# cleaning screen print platen



## culturdcustoms (Feb 13, 2018)

After doing a few runs of printing my platen has built up spray advehsive and ink that bled through. Should I be concerned with this? Should clean after every run?


----------



## gardenhillemb (Oct 29, 2015)

If the adhesive build up and ink are raised off the pallet, this will show in your print. Run your hand over the pallet and if it feels rough and bumpy, you should probably clean it.


----------



## culturdcustoms (Feb 13, 2018)

Yes I am definitely getting that rough bumpy feeling. What is the best way to clean the built up adhesive?


----------



## gardenhillemb (Oct 29, 2015)

We just use some cheap Mineral Spirits.


----------



## TEAMGRAPHIX (Jan 15, 2009)

Clean it..Then cover pallet with pallet tape, THROW AWAY the Spray adhesive use liquid adhesive on the pallet tape. Take old Tshirt spray pallet with 50/50 water/ windex and scrub after every job. You will have to replace pallet tape periodicly


----------



## PCs Tees Texas (May 27, 2017)

Absolutely use pallet tape. Well worth the minimal expense to save you headache (and back ache!).


----------



## chuckh (Mar 22, 2008)

We've stopped using pallet tape. Used it for many years. Sometimes it would rip when applying it, other times it would wrinkle. Many times it would tear when removing it and it would require too much time to completely remove from the platen.

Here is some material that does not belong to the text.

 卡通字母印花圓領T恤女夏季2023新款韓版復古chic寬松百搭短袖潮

Also, the original reason we stopped is that we were having poor results printing halftones. Couldn't figure out what the issue was. Tape got soiled so we removed it and tried printing w/o the tape and haf=d great results. Haven't used it since.

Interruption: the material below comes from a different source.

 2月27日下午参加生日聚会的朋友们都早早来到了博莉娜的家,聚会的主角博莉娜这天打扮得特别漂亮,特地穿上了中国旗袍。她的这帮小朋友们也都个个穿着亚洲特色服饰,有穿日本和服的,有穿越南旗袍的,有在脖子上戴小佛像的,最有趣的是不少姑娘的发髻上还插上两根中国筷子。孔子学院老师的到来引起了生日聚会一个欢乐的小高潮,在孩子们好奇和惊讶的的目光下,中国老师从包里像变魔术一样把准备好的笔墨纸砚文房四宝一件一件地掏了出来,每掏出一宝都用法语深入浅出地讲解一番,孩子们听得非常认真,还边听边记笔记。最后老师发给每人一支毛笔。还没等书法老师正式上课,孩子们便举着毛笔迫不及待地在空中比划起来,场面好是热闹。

It really is easier to clean our platens w/ mineral spirits and wipe clean.
We ave paint thinner in a spray bottle and spray while we rotate the platens. By the time the platen comes around for the second time, most all of the adhesive and ink have been softened and can be removed with a rag. Best way for us to proceed.


----------



## culturdcustoms (Feb 13, 2018)

Thank you for that advice. I wish I would've started cleaning my platen when first started printing. Now its really tough to clean. I tried with paint thinner. Haven't tried mineral spirits yet. Not sure if I wanted to incure the cost of pallet tape anyway.


----------



## chuckh (Mar 22, 2008)

Let your solvent sit for a bit before you wipe it. Do you have screen opener? That will quickly do the trick.


----------



## Ribcage (Nov 4, 2010)

Buy medium tack application tape from a sign supplier. I pay around 10 bucks for a 50 yard roll. After a run I just peel it off. Saves loads of cleaning time and mineral spirits.


----------